*Exercise details*. Return only the lines from the start of the records through the line that contains "Inov-8 Roclite G", inclusive; leave out all pictures.

[Provided data — start]

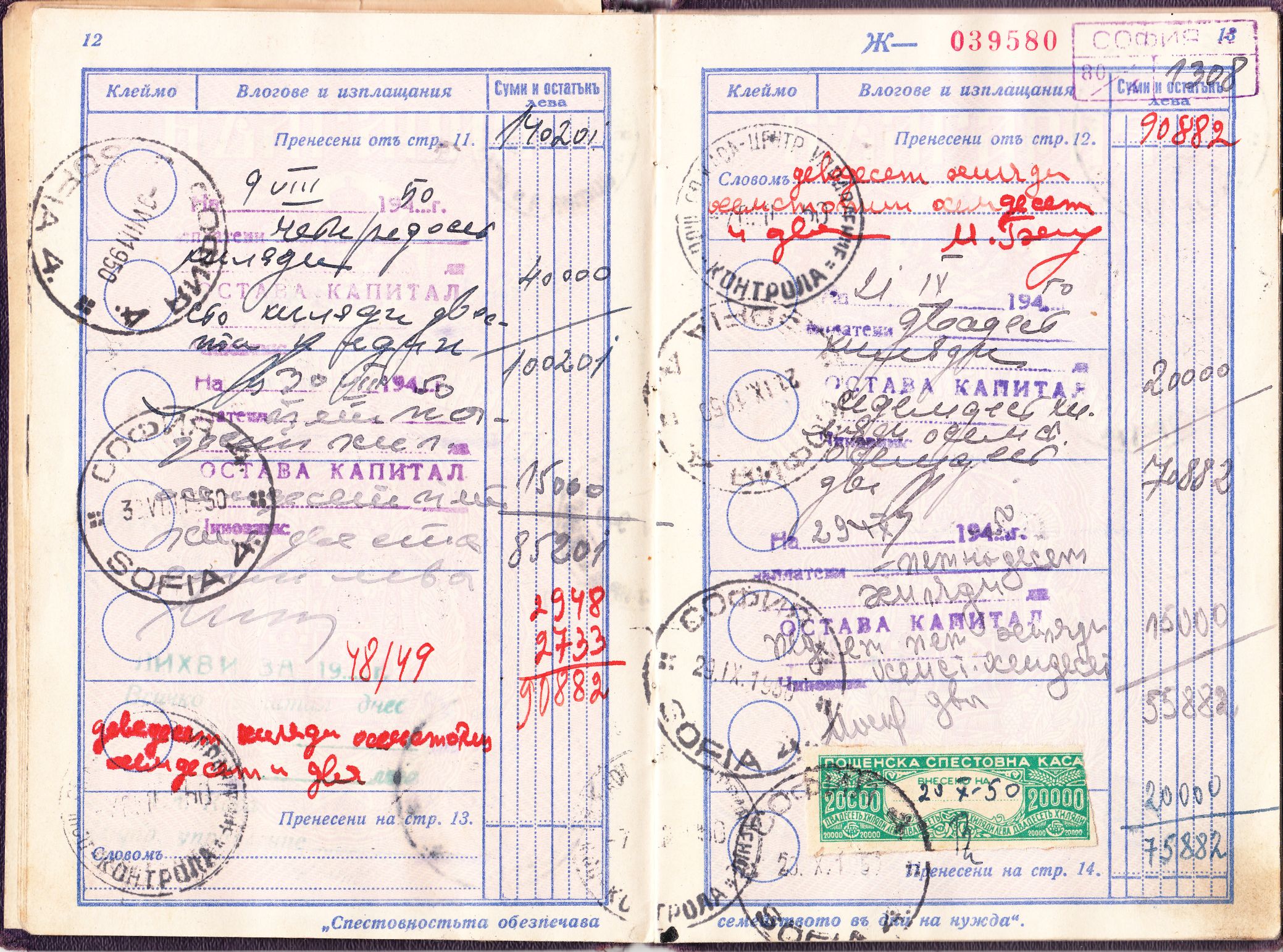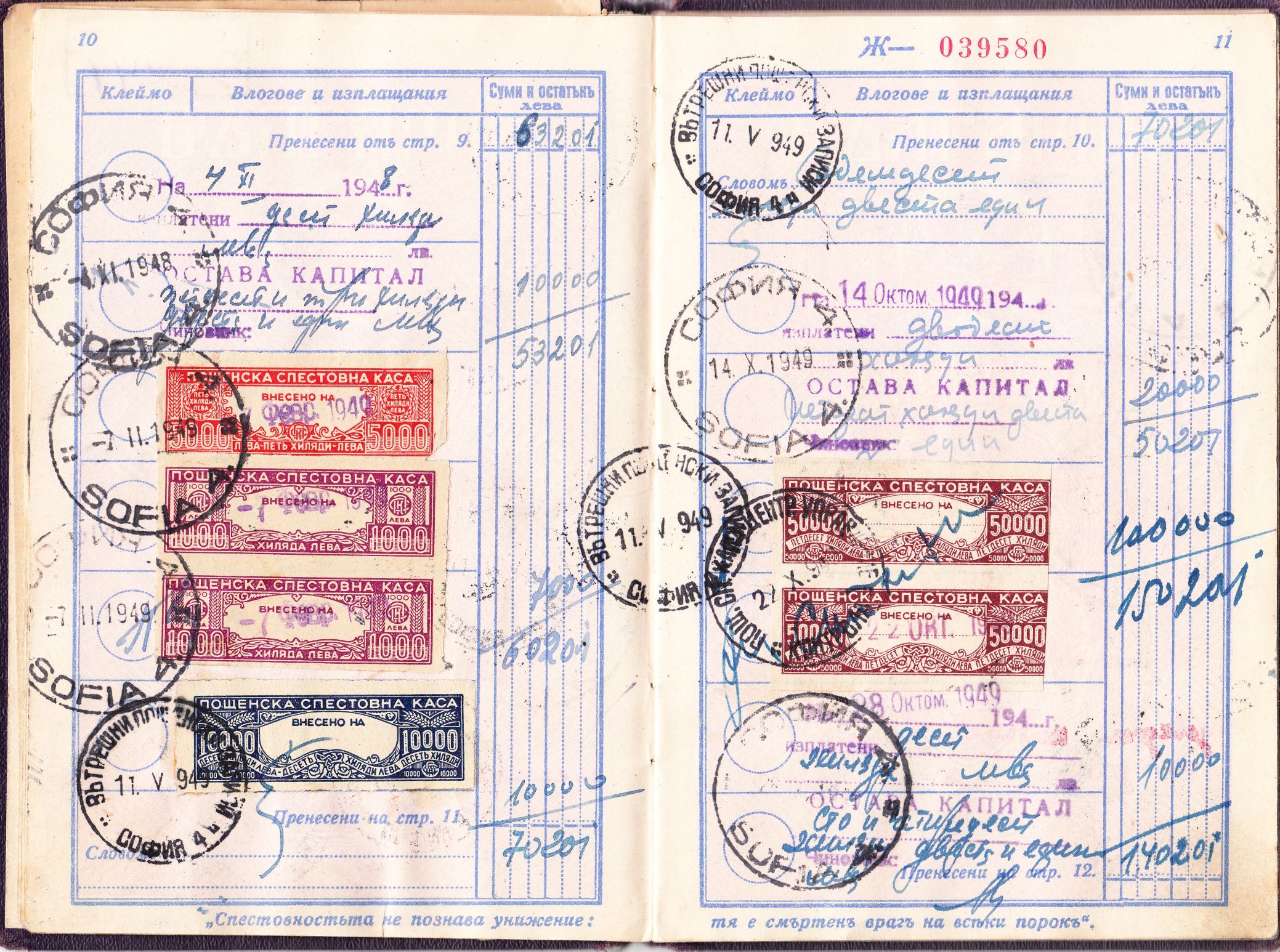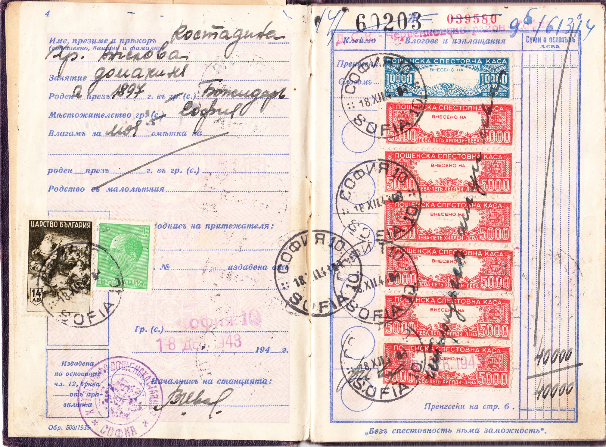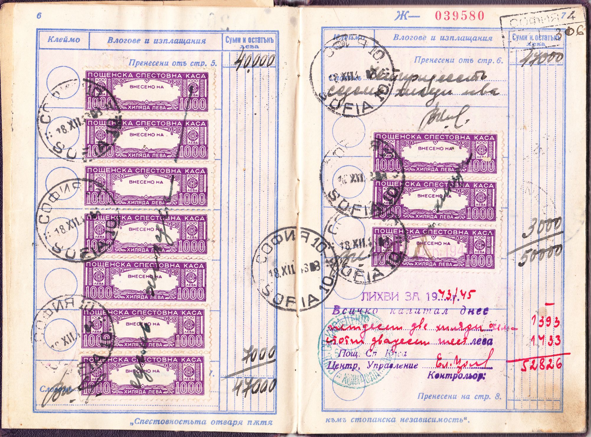 Am selben Tag wurden 40.000 Leva eingezahlt. Interessant ist, dass die Einzahlung auf der Seite 5 durch entsprechende Marken der Postsparkasse mit Inschrift "Пощенска спестовна каса" dokumentiert wurde, wobei eine Marke der Wertstufe zu 10.000 Leva sowie 6 Marken der Wertstufe zu 5.000 Leva verwendet wurden.
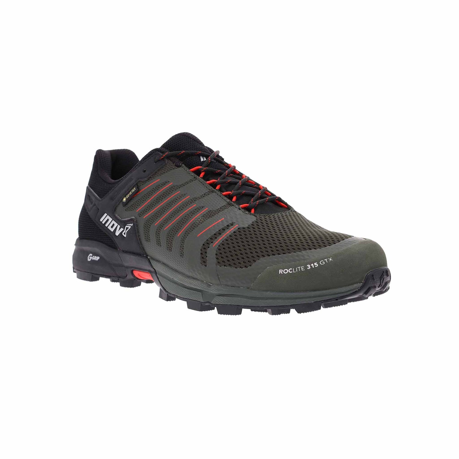 Inov-8 Roclite G 315 GTX souliers de course en sentier pour homme - Olive / Noir / Rouge / 8 est disponible sur commande et sera préparé dès sa réception en stock.
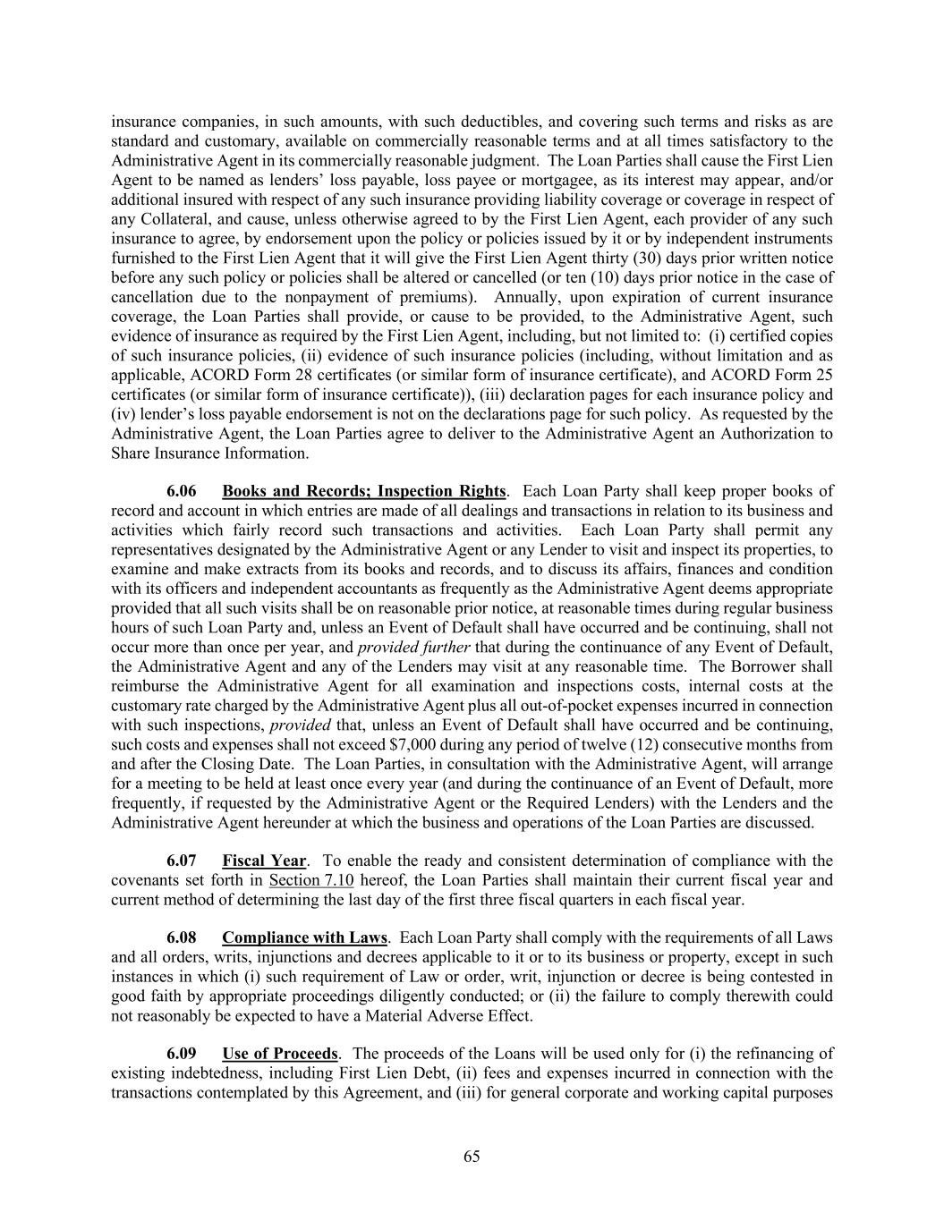 65 insurance companies, in such amounts, with such deductibles, and covering such terms and risks as are standard and customary, available on commercially reasonable terms and at all times satisfactory to the Administrative Agent in its commercially reasonable judgment. The Loan Parties shall cause the First Lien Agent to be named as lenders’ loss payable, loss payee or mortgagee, as its interest may appear, and/or additional insured with respect of any such insurance providing liability coverage or coverage in respect of any Collateral, and cause, unless otherwise agreed to by the First Lien Agent, each provider of any such insurance to agree, by endorsement upon the policy or policies issued by it or by independent instruments furnished to the First Lien Agent that it will give the First Lien Agent thirty (30) days prior written notice before any such policy or policies shall be altered or cancelled (or ten (10) days prior notice in the case of cancellation due to the nonpayment of premiums). Annually, upon expiration of current insurance coverage, the Loan Parties shall provide, or cause to be provided, to the Administrative Agent, such evidence of insurance as required by the First Lien Agent, including, but not limited to: (i) certified copies of such insurance policies, (ii) evidence of such insurance policies (including, without limitation and as applicable, ACORD Form 28 certificates (or similar form of insurance certificate), and ACORD Form 25 certificates (or similar form of insurance certificate)), (iii) declaration pages for each insurance policy and (iv) lender’s loss payable endorsement is not on the declarations page for such policy. As requested by the Administrative Agent, the Loan Parties agree to deliver to the Administrative Agent an Authorization to Share Insurance Information. 6.06 Books and Records; Inspection Rights. Each Loan Party shall keep proper books of record and account in which entries are made of all dealings and transactions in relation to its business and activities which fairly record such transactions and activities. Each Loan Party shall permit any representatives designated by the Administrative Agent or any Lender to visit and inspect its properties, to examine and make extracts from its books and records, and to discuss its affairs, finances and condition with its officers and independent accountants as frequently as the Administrative Agent deems appropriate provided that all such visits shall be on reasonable prior notice, at reasonable times during regular business hours of such Loan Party and, unless an Event of Default shall have occurred and be continuing, shall not occur more than once per year, and provided further that during the continuance of any Event of Default, the Administrative Agent and any of the Lenders may visit at any reasonable time. The Borrower shall reimburse the Administrative Agent for all examination and inspections costs, internal costs at the customary rate charged by the Administrative Agent plus all out-of-pocket expenses incurred in connection with such inspections, provided that, unless an Event of Default shall have occurred and be continuing, such costs and expenses shall not exceed $7,000 during any period of twelve (12) consecutive months from and after the Closing Date. The Loan Parties, in consultation with the Administrative Agent, will arrange for a meeting to be held at least once every year (and during the continuance of an Event of Default, more frequently, if requested by the Administrative Agent or the Required Lenders) with the Lenders and the Administrative Agent hereunder at which the business and operations of the Loan Parties are discussed. 6.07 Fiscal Year. To enable the ready and consistent determination of compliance with the covenants set forth in Section 7.10 hereof, the Loan Parties shall maintain their current fiscal year and current method of determining the last day of the first three fiscal quarters in each fiscal year. 6.08 Compliance with Laws. Each Loan Party shall comply with the requirements of all Laws and all orders, writs, injunctions and decrees applicable to it or to its business or property, except in such instances in which (i) such requirement of Law or order, writ, injunction or decree is being contested in good faith by appropriate proceedings diligently conducted; or (ii) the failure to comply therewith could not reasonably be expected to have a Material Adverse Effect. 6.09 Use of Proceeds. The proceeds of the Loans will be used only for (i) the refinancing of existing indebtedness, including First Lien Debt, (ii) fees and expenses incurred in connection with the transactions contemplated by this Agreement, and (iii) for general corporate and working capital purposes
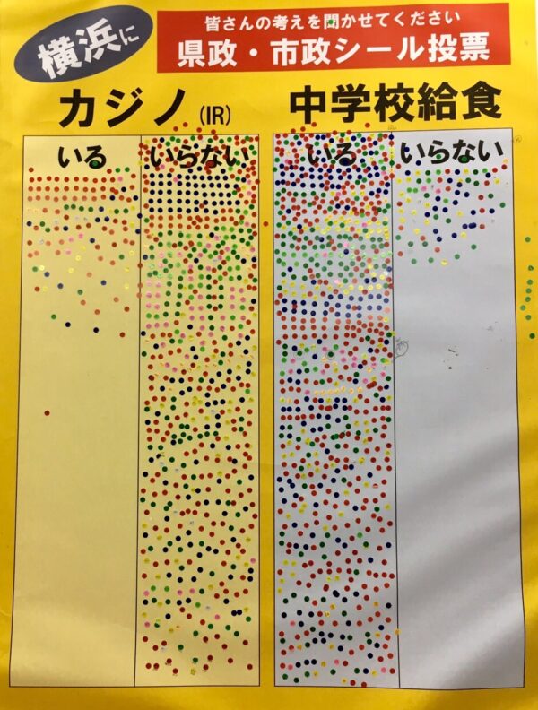 鶴見駅で昨年末から続けてきた「カジノ給食いる?いらない?」シールアンケートの結果です。
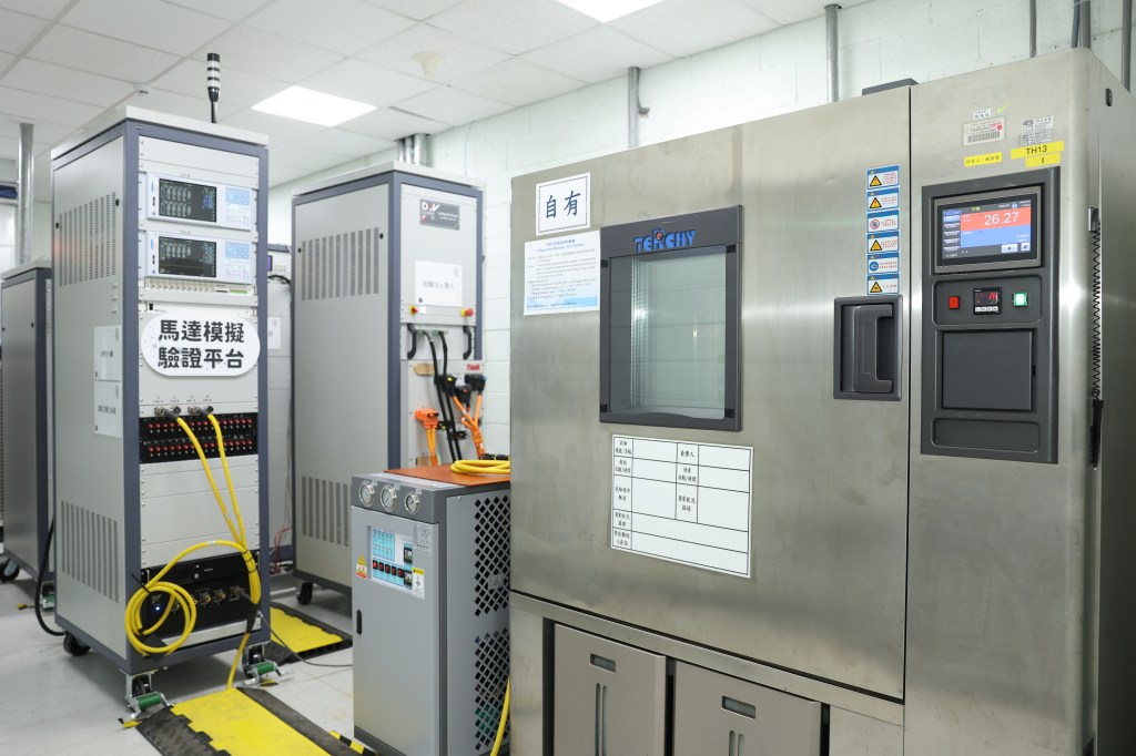 再者,關於電動車的馬達相關測試,車輛中心也具備多合一動力驅控系統驗證能量,高功率的電源模擬平台,可產生虛擬馬達供給電動車的驅動系統與零組件開發使用,進行馬達操作性能模擬、以及曲線耐久模擬等彈性應用平台,容納達市售大型電動巴士規格,也能同步完成結構強度與耐候驗證,縮短開發時程與經費。 有鑑於國際市場已有大型車電產品的驗證需求,如智慧座艙55吋大型面板、電動車輛驅動馬達等,在車輛中心完整的實驗室群中,皆可取得全方位的測試驗證,亦可銜接整車的驗證,一站式滿足產業需求,為產業裝上推向國際市場的進攻利器。

[Provided data — finish]

*Answer section*.
 Am selben Tag wurden 40.000 Leva eingezahlt. Interessant ist, dass die Einzahlung auf der Seite 5 durch entsprechende Marken der Postsparkasse mit Inschrift "Пощенска спестовна каса" dokumentiert wurde, wobei eine Marke der Wertstufe zu 10.000 Leva sowie 6 Marken der Wertstufe zu 5.000 Leva verwendet wurden.
 Inov-8 Roclite G 315 GTX souliers de course en sentier pour homme - Olive / Noir / Rouge / 8 est disponible sur commande et sera préparé dès sa réception en stock.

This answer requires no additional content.